Date of Action: 1933, 1937, 1938
Specific Location: Germany
Description of Artwork: The Nazis qualified a wide variety of music as degenerate including cabaret, popular music, jazz, opera, and atonal avant-garde concert music.
Description of Incident: The Nazi campaign against degenerate music sought to end the careers of degenerate musicians, abolish independent music organizations, remove degenerate repertoire from concert halls and opera houses, and install ministers of music propaganda sympathetic to Nazi ideals.
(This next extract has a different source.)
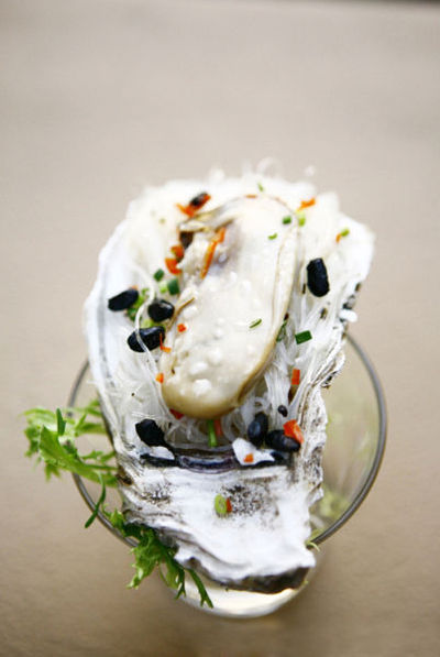 数不清的食评人说:蚝只有生啖最佳。找一个深秋的清晨,顶着海边刺骨的风,前一秒自冰冷的海水中捞出蚝,后一秒迅速剥开,将肥厚的蚝肉自粗糙且不规则的壳中挖出,这时连那一两滴调味的柠檬汁都可以省了,就着一汪咸涩的海水,大口吞下。等等!这时法国人会热心地告诉你,千万不要吞得太快,要细细地喝它咸咸、可口之极的汁。这种气味堪比世间任一食物,原始的甘甜由味蕾至食道,再进入胃中,最后真实持久地激荡在身体里。这时候,要适时地吃一口涂满了牛油的黑面包,加倍刺激味觉……接下来,当然,要喝一口上好的白葡萄酒,再闭上眼睛享受这一刻。

In 1933 the attack on music began with the Civil Service Restoration Act which allowed the authorities to dismiss any non-Aryan or politically suspect musician who was employed wither as a teacher at State Music Conservatory or as a performer in an opera house or music hall. Within the first months of Nazi rule many prominent musicians left Germany, including Schoenberg. The Nazis then seized control of the national broadcasting system and jazz was banned from the airwaves. A telegram sent from American musicians to Hitler in protest of this act led to the boycott of their recordings as well. Music critics and journalists who sympathized with modernism were also removed from their jobs. In November of that same year the Reich Chamber of Music was introduced. If you wanted to make a living as a musician you had to obtain membership to this group. In 1937 after charges of having a degenerate repertoire, Goebbels shut down the Allgemeine Deutsche Musikverein music festival and established in its place the Reichmusiktage. During this time censorship of music intensified and local music organizers were assigned to monitor music in every town. In May of 1938 Hans Severus Ziegler organized the Entartete Musik, which ridiculed the work of degenerate composers. When Austria and Czechoslovakia were invaded that year Nazi cultural policies were instated and many musicians were sent to concentration camps.
Results of Incident: Many of the musicians who left Germany during the Nazi era found it hard to work in their new environment and some found their careers ended. In the 1970s many of these composers were rediscovered. In the 1990s a series of CDs came out called Entartete Musik, which featured the works of the musicians that were persecuted under the Nazis.